SNEWS2 / SNEWS_Publishing_Tools

Publishing Tool for SNEWS
BSD 3-Clause "New" or "Revised" License
2 stars 2 forks source link

Float timeseries #98

Closed KaraMelih closed 3 months ago

KaraMelih commented 4 months ago

Aimed at fixing https://github.com/SNEWS2/SNEWS_Publishing_Tools/issues/87 ~also fixes https://github.com/SNEWS2/SNEWS_Publishing_Tools/issues/97~ (moved this fix to https://github.com/SNEWS2/SNEWS_Publishing_Tools/pull/99)

Previously, we were expecting iso-formattable time strings for all the entries in the expected timing_series .
However, this can easily become too large. As was suggested by others, this PR implements a float conversion.

It first checks if all the values are strings or floats/integers.

Right now, the logic is missing. I do not know if we should always force initial neutrino time too, or should this be fetched from the Coincidence Tier by time tier people?

I imagine a list of time series starting with 0 is not fully useful if we do not know what the 0 refers to.

KaraMelih commented 4 months ago

Reverted the firedrill fix (ee7f062), as I added that in a minor patch

KaraMelih commented 4 months ago

@sybenzvi @mcolomermolla

I want to ask the expected information in the timing tier. Now, this PR allows for relative-to-first neutrino times with ns precision.

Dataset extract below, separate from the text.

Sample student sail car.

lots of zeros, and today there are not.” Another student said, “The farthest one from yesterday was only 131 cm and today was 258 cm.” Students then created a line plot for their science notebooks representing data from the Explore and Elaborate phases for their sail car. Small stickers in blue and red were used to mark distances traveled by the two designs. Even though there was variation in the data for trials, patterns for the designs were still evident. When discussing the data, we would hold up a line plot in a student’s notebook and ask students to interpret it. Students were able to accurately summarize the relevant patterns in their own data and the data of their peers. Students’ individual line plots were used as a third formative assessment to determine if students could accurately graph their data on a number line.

This logic indicates that the first value is always zero, and the rest are relative to this value.

In this case, do we also want to force the initial "neutrino_time" to appear as a string (that corresponds to the zeroth time) or do we expect that people looking at the TimeTier will fetch this from the CoincidenceTier ?

Right now, if you pass

neutrino_time = "2024-01-01T12:00:00.00000000"
timing_series = [0, 119781135000, 119881135000, 179781135000, 248890124000]

the neutrino_times will be parsed and sent under CoincidenceTier message (timing series ignored) and
the timing_series will be parsed and sent under TimingTier message (neutrino time ignored).

Is this what we want, or do we want to also always see the neutrino_time in the timing tier too?

KaraMelih commented 3 months ago

I added 'neutrin_time' as a required field for the time tier messages.

Now, it also allows for either a list of strings with individual neutrino times, or a list of integers indicating the relative times from the initial neutrino time with a nanosecond precision.

In the former case, it computes these relative times from the initial neutrino time itself and creates a list of relative times. So the submitted message always contains;

habig commented 3 months ago

Have we been able to reproduce #87 ? If there's an unexpected hard limit on message size, we need to take that to scimma as a bug, since the original specs were "sure, you guys can hove anything around including big skymaps"

KaraMelih commented 3 months ago

I just tried and this fails;

import numpy as np
numbers = np.linspace(1e9, 9e9, 100000).astype(int)

tims = SNEWSMessageBuilder(detector_name='XENONnT',
                               neutrino_time='2012-06-09T15:31:08.109876',
                               timing_series=numbers.tolist(),
                               machine_time='2012-06-09T15:30:00.009876',
                               firedrill_mode=False, is_test=True)
tims.send_messages()

here is the error that it raises;

KafkaException: KafkaError{code=MSG_SIZE_TOO_LARGE,val=10,str="Unable to produce message: Broker: Message size too large"}

It was fine with 10k integers, it crashes at 100k.

habig commented 3 months ago

Great, thanks. If we convert that to bytes (since we're sending in ASCII one number is a lot of characters), what's that look like? I've got the attention of scimma devs at the moment.

habig commented 3 months ago

They're not opposed to discussing it on slack, but suggested their ticketing system, https://support.scimma.org/

justinvasel commented 3 months ago

See https://github.com/SNEWS2/SNEWS_Publishing_Tools/issues/87#issuecomment-2105083319 for a potential solution.

habig commented 3 months ago

The scimma people report that the default max message size is 1MB. They're leery to increase that to head off future scaling problems, and are working on a large file offload service. But: now knowing this we can plan for it, with efficiencies like this PR helping. Could imagine daisy-chaining things together like SMS messages that go over 140 characters, too.